Françoise Boudier

Née en 1951, elle vit et travaille à Nantes (44).

Je pars toujours d’un modèle vivant. J’étudie les proportions. Je travaille le vivant, parce que j’ai envie de traduire des émotions. Je suis plutôt dans une mouvance classique. J’ai envie de prôner le beau. Je tiens à transmettre cette quête du beau, qui, il faut bien le reconnaître, va à contre-courant de l’époque actuelle. Je travaille avec le cœur plutôt qu’avec la tête, bien qu’on puisse dissocier les deux. Il y a un jeu entre les deux notions. Dans un premier temps, je cherche à composer, c’est plutôt l’intellect qui s’exprime, mais ensuite, je lâche.

Françoise rentre aux Beaux-Arts de Reims en 1968 où elle est élève des sculpteurs Charles Auffret (prix de Rome) et Léopold Kretz. Elle part ensuite à Strasbourg aux Arts décoratifs où elle rencontre le sculpteur François Cacheux et finit sa formation à l’Ecole Nationale Supérieure des Beaux-Arts de Paris (dans les ateliers de Raymond Corbin et Jean Cardot) dont elle sera diplômée. Elle réalise un certain nombre de commandes publiques. On lui doit, entre autres, le buste du Maréchal de Lattre de Tassigny au Croisic, la statue du Général de Gaulle à Nantes, un bas-relief pour le tympan de l’église de l’Herbergement. Pour le site de Thomson à Vélizy, elle réalise une fresque murale de 23 mètres. Elle a reçu de nombreux prix de dessin et sculpture depuis le début de sa carrière. Elle donne des cours de sculpture depuis 1998.

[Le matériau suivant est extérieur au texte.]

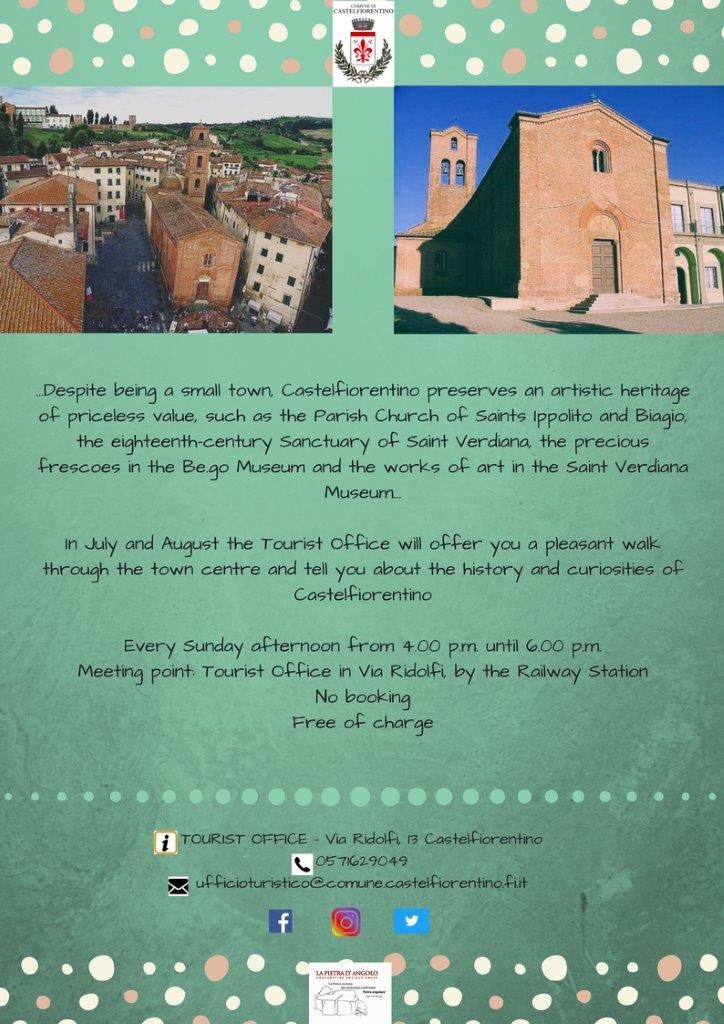 Un servizio che dilata sensibilmente il ruolo informativo tradizionale svolto dall’Ufficio (il più delle volte espletato in sede, con il semplice ausilio di una mappa) invitando il visitatore a partecipare a una piacevole passeggiata, completamente gratuita, nel centro storico del capoluogo, che conserva un patrimonio artistico di inestimabile valore: la Pieve romanica dei SS. Ippolito e Biagio, il Santuario di Santa Verdiana con il Museo d’Arte Sacra, il Museo Benozzo Gozzoli.
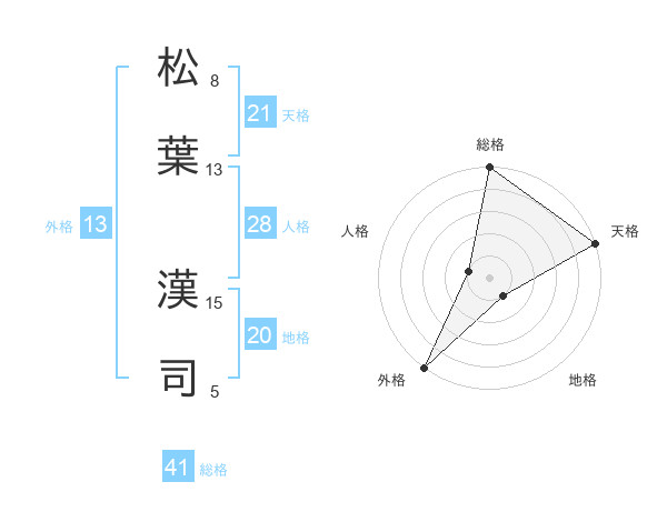 松葉 漢司さんを姓名の画数から五運を鑑定
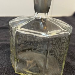 Antik blåst glasflaska med handmålad dekor. Enl.bilder.
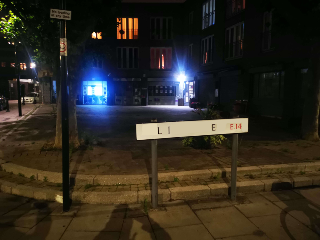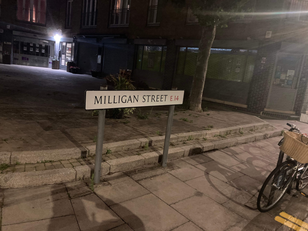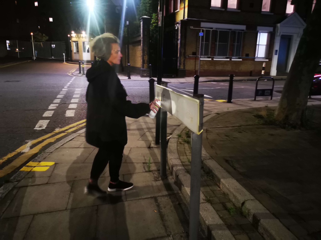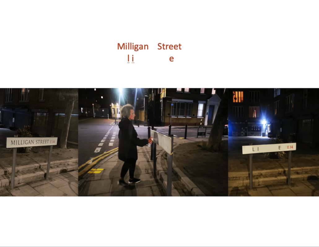 Milligan Street is 100m from Limehouse foreshore. The street name is intended to honour Robert Milligan, a noted slaveholder. In May 2020, responding to the Black Lives Matter protests, I made a work called LIE of the Land, in which I spray-painted out all the letters of Milligan Street apart from L I E.
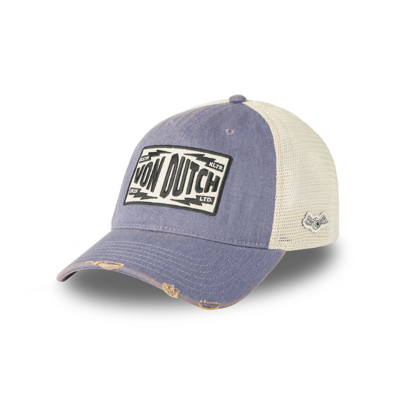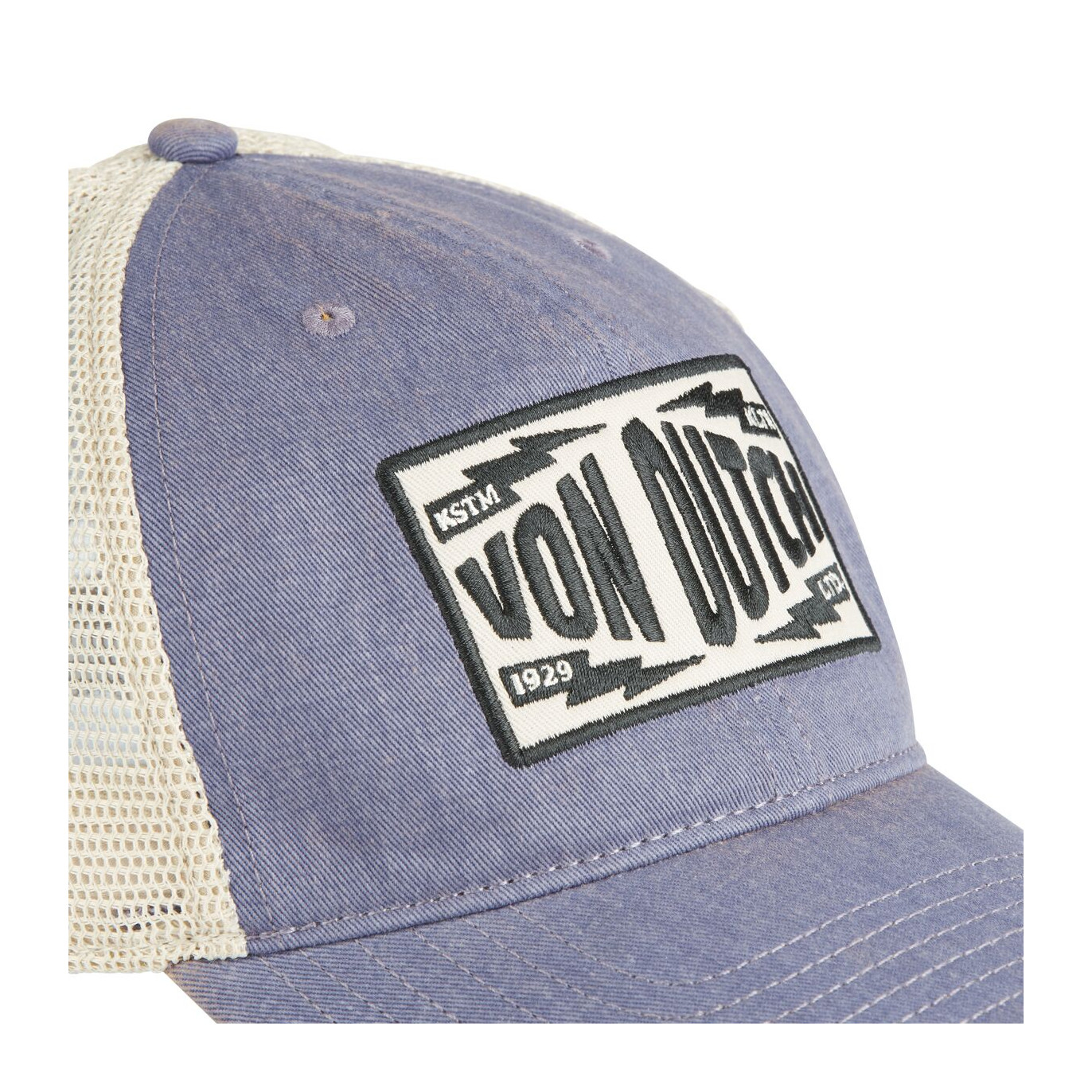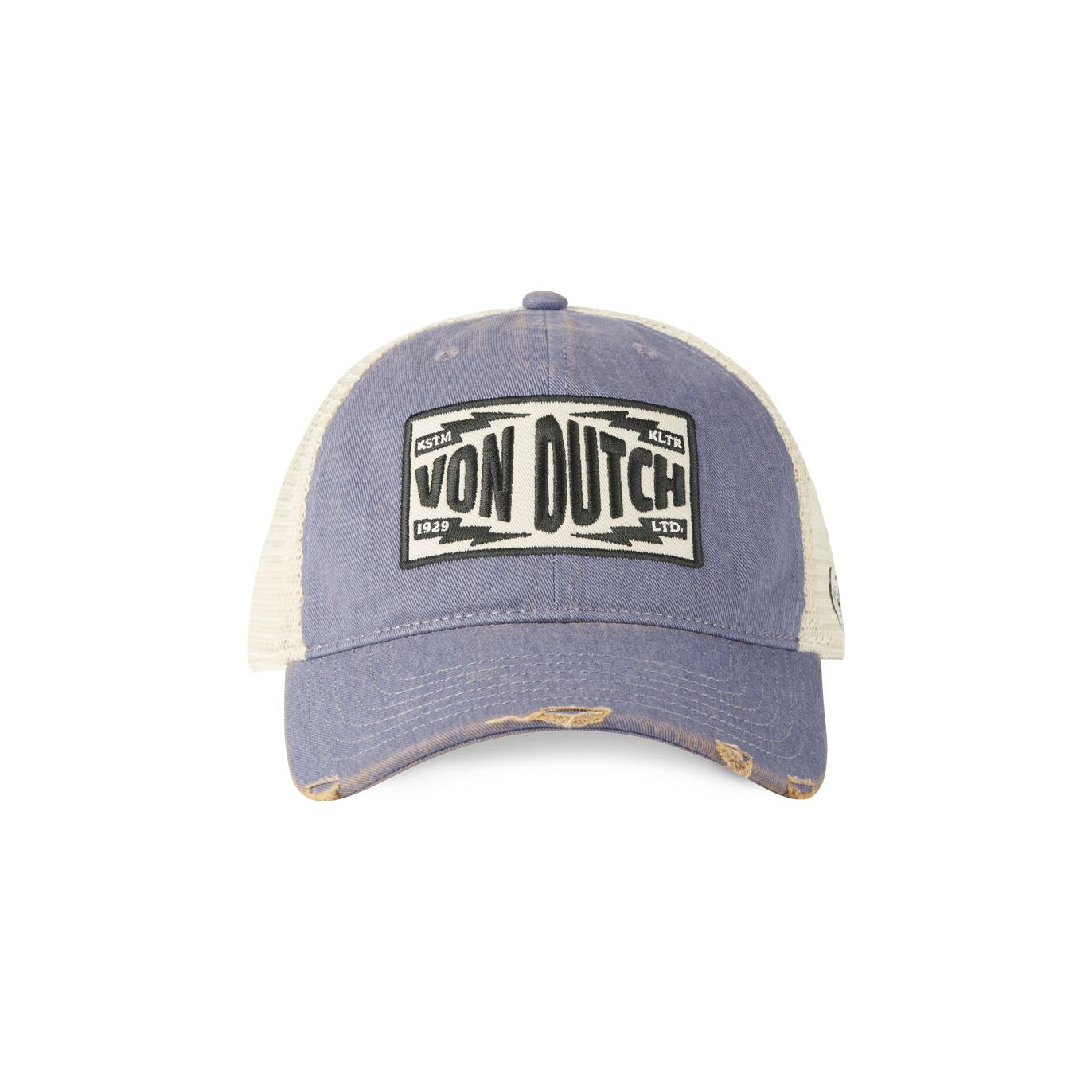 Casquette Von Dutch violette MAC Kultur : une pièce brute, entre denim usé et culture biker old-school.

L’œuvre de Françoise Boudier, « une passionnée qui ne sait pas faire autre chose et dont la sculpture est la nourriture », est exclusivement figurative et son travail principalement réalisé à partir de modèles vivants dont elle sait saisir toute l’émotion et la nature du modèle. Dans son atelier, elle découvre des bustes, des nus, bronzes d’hommes et de femmes : le regard baissé ou la pause mélancolique, ils disent l’attente, l’équilibre, la béatitude…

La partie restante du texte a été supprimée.